Print, word for word, every line from the beginning of the listing up to and including the line with "Щит распределительный серии". Pictures are to be excluded.

(Data section):
# # # #

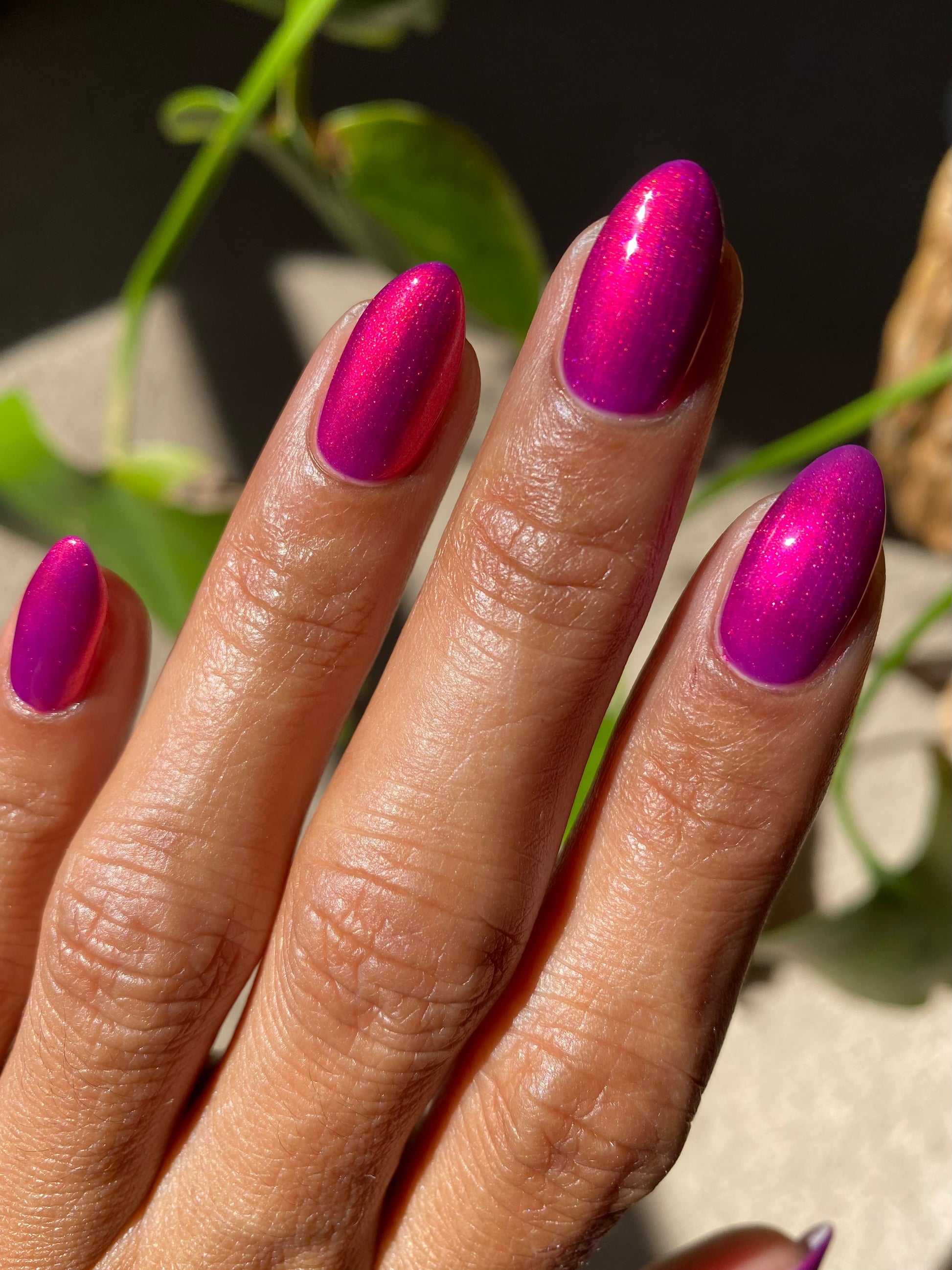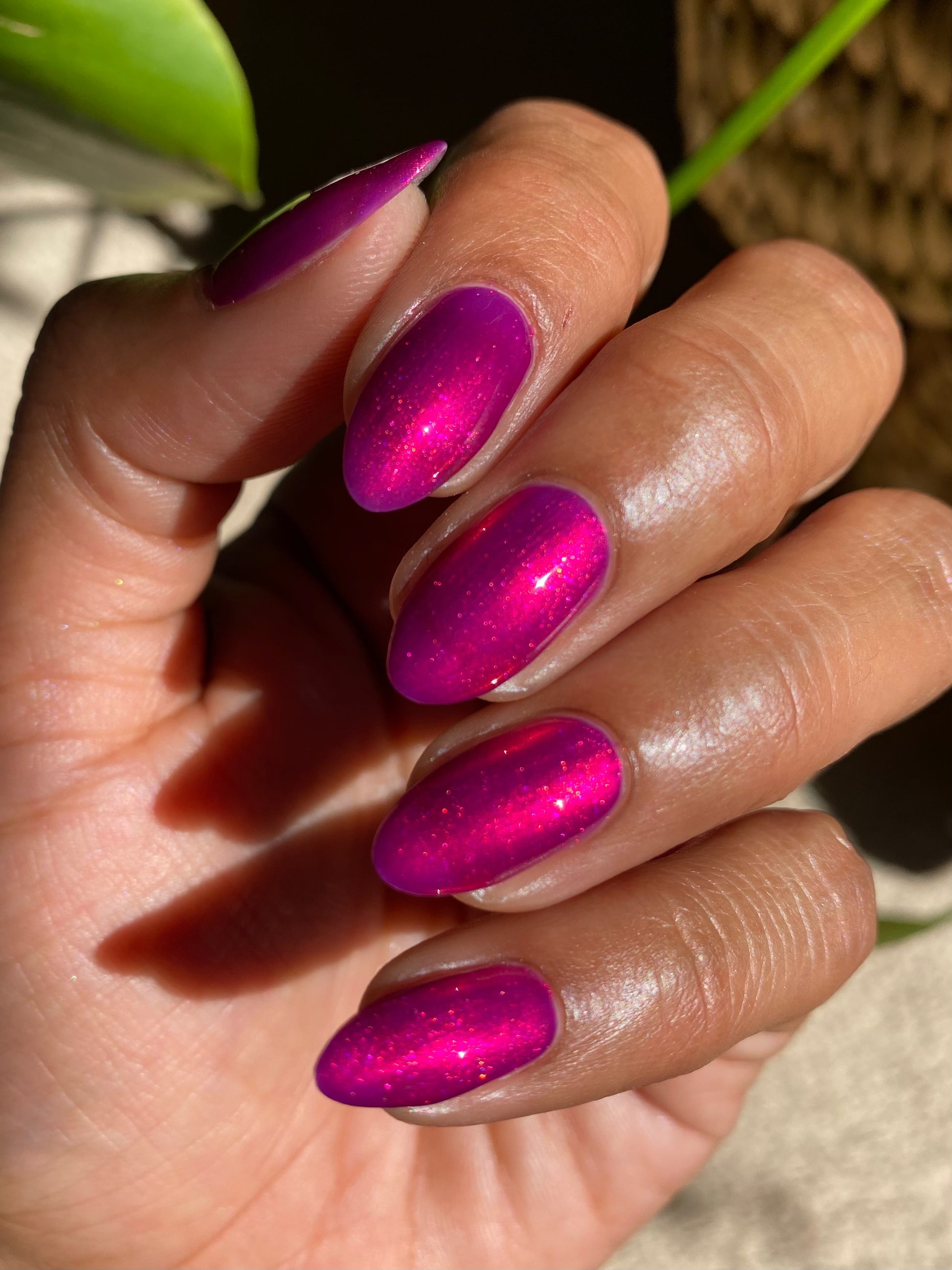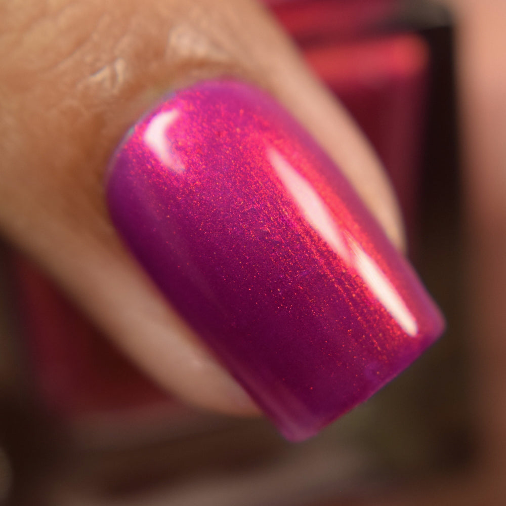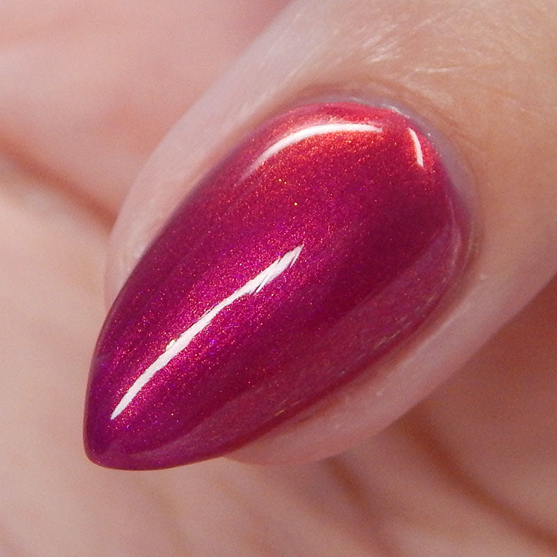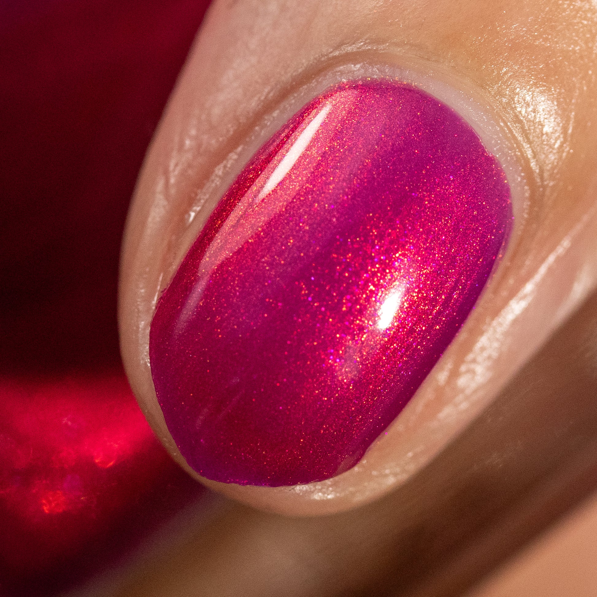 A reddish purple jelly base with glowy fine particle red to orange shimmer
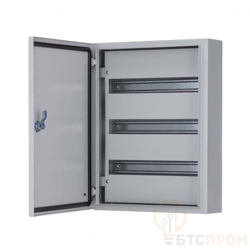 Щит распределительный серии ЩРН Dekraft; навесной; номинальный ток до 125 А; исполнение – 54 мод. х 18 мм, 3 ряда по 18 мод. каждый; ВхШхГ - 520х400х120 мм; материал – сталь; цвет - серый (RAL 7035); степень защиты – IP54. Щиты ЩРН имеют встроенные DIN-рейки для модульной аппаратуры, элементы крепления шин N и PE, болты заземления на дверце и на корпусе, дверь с замком и ключом. Доступ к токопроводящим частям закрыт съемной фальшпанелью. Ввод кабелей осуществляется только снизу.
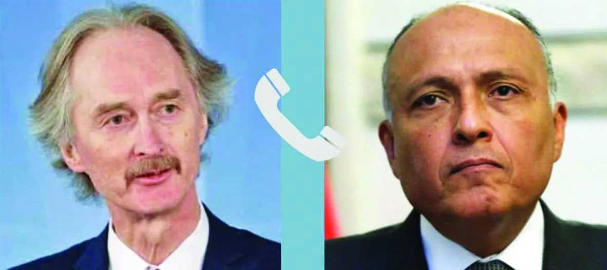 تلقى وزير الخارجية المصري سامح شكري، اليوم الأحد، اتصالاً هاتفياً، من المبعوث الأممي الخاص بسوريا غير بيدرسون. وجرى بحث مخرجات اجتماع لجنة الاتصال الوزارية العربية المعنية بسوريا، التي انعقدت بالقاهرة، الثلاثاء الماضي.
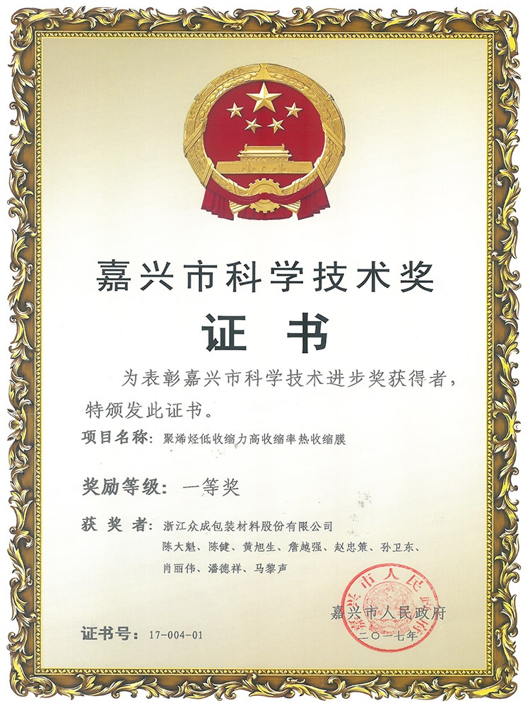 2017嘉兴市科学技术进步一等奖-低收缩力高收缩率膜

# # # #

(Output below):
 A reddish purple jelly base with glowy fine particle red to orange shimmer
 Щит распределительный серии ЩРН Dekraft; навесной; номинальный ток до 125 А; исполнение – 54 мод. х 18 мм, 3 ряда по 18 мод. каждый; ВхШхГ - 520х400х120 мм; материал – сталь; цвет - серый (RAL 7035); степень защиты – IP54. Щиты ЩРН имеют встроенные DIN-рейки для модульной аппаратуры, элементы крепления шин N и PE, болты заземления на дверце и на корпусе, дверь с замком и ключом. Доступ к токопроводящим частям закрыт съемной фальшпанелью. Ввод кабелей осуществляется только снизу.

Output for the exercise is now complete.